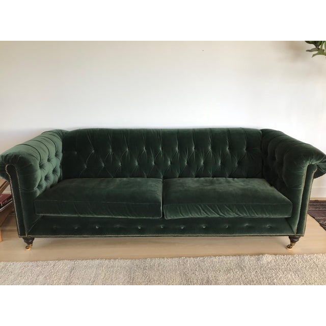 Forest Green Velvet Lyre Chesterfield Sofa From Anthropologie
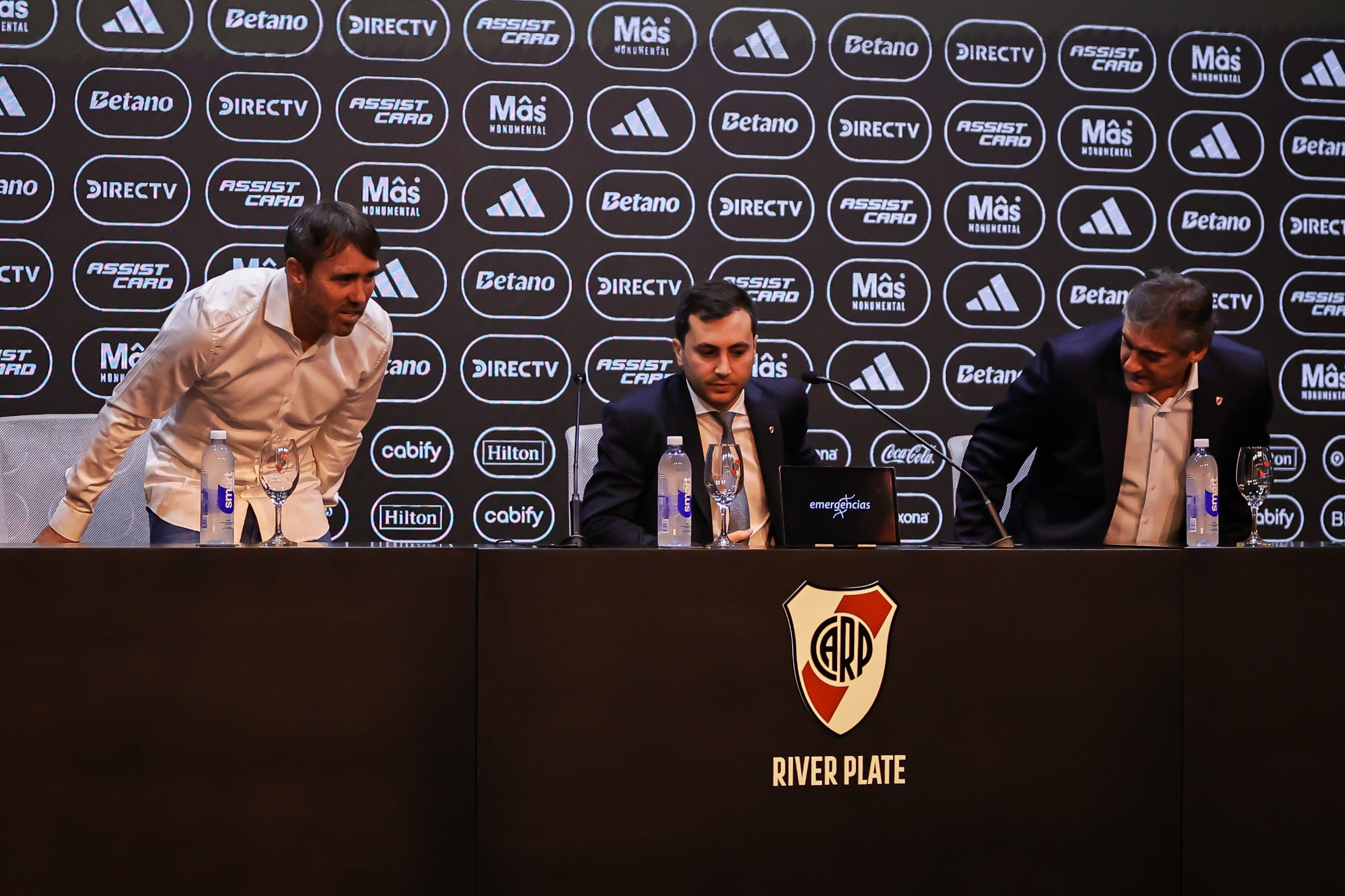 Antes había hecho la introducción Di Carlo. “Una decisión que tomamos con mucha alegría y con enorme convicción. Esperemos que esta nueva etapa traiga éxito deportivo. Hay un consenso generalizado entre todos los que hacemos el club en que es el mejor para este momento de River. Queremos decirle al hincha de River, al que llena la cancha hace 100 partidos consecutivos, que acompañe esta nueva etapa con entusiasmo, porque cuando estuvimos unidos River volvió a ser River. Invitarlos a abrazar este nuevo proceso y que todos juntos volvamos a poner a River en el lugar que todos queremos”, dijo el presidente.
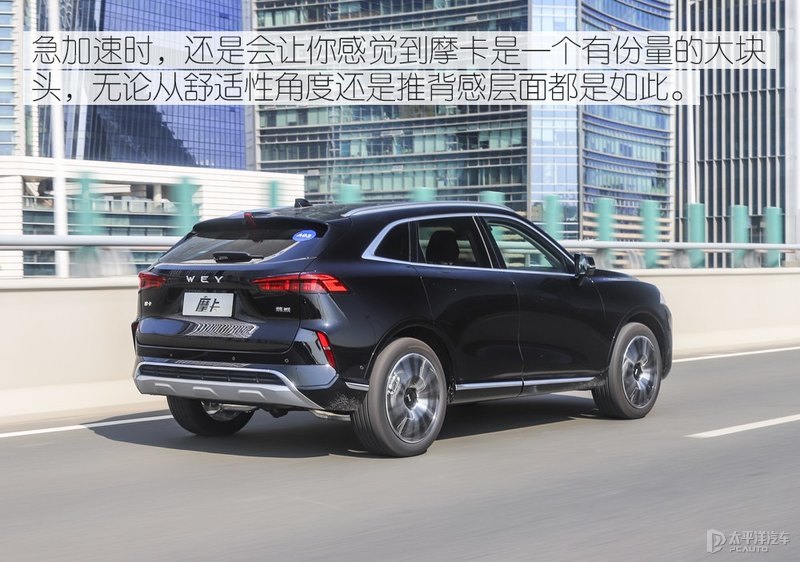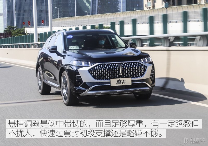 底盘调校是软中带韧的,给第一感觉就是厚重且充满韧劲。经过路上一些小坑洼时,车内能够感受得的动静并不多,遇到一些如减速带时,车辆没有多余的晃动。这除了跟底盘调校有关外,也离不开WEY的良好隔音性能。不过在快速过弯时,悬架初段支撑还是略嫌不够。这点遗憾或许在未来推出带主动电磁悬架的高配车型上能很好解决,而且舒适性也会有很大的提升,是未来比较越级的配置了。
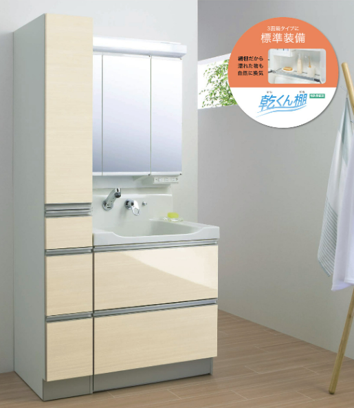引き出しや開き扉のプランがあり、小物からタオルまで効率よく収納できます。ミラー裏には洗面用具の収納もあり、洗面スペースをすっきり保てます。
········
Print the material exactly as given, but not the pictures.

### Result of the exercise
 Forest Green Velvet Lyre Chesterfield Sofa From Anthropologie
 Antes había hecho la introducción Di Carlo. “Una decisión que tomamos con mucha alegría y con enorme convicción. Esperemos que esta nueva etapa traiga éxito deportivo. Hay un consenso generalizado entre todos los que hacemos el club en que es el mejor para este momento de River. Queremos decirle al hincha de River, al que llena la cancha hace 100 partidos consecutivos, que acompañe esta nueva etapa con entusiasmo, porque cuando estuvimos unidos River volvió a ser River. Invitarlos a abrazar este nuevo proceso y que todos juntos volvamos a poner a River en el lugar que todos queremos”, dijo el presidente.
 底盘调校是软中带韧的,给第一感觉就是厚重且充满韧劲。经过路上一些小坑洼时,车内能够感受得的动静并不多,遇到一些如减速带时,车辆没有多余的晃动。这除了跟底盘调校有关外,也离不开WEY的良好隔音性能。不过在快速过弯时,悬架初段支撑还是略嫌不够。这点遗憾或许在未来推出带主动电磁悬架的高配车型上能很好解决,而且舒适性也会有很大的提升,是未来比较越级的配置了。
引き出しや開き扉のプランがあり、小物からタオルまで効率よく収納できます。ミラー裏には洗面用具の収納もあり、洗面スペースをすっきり保てます。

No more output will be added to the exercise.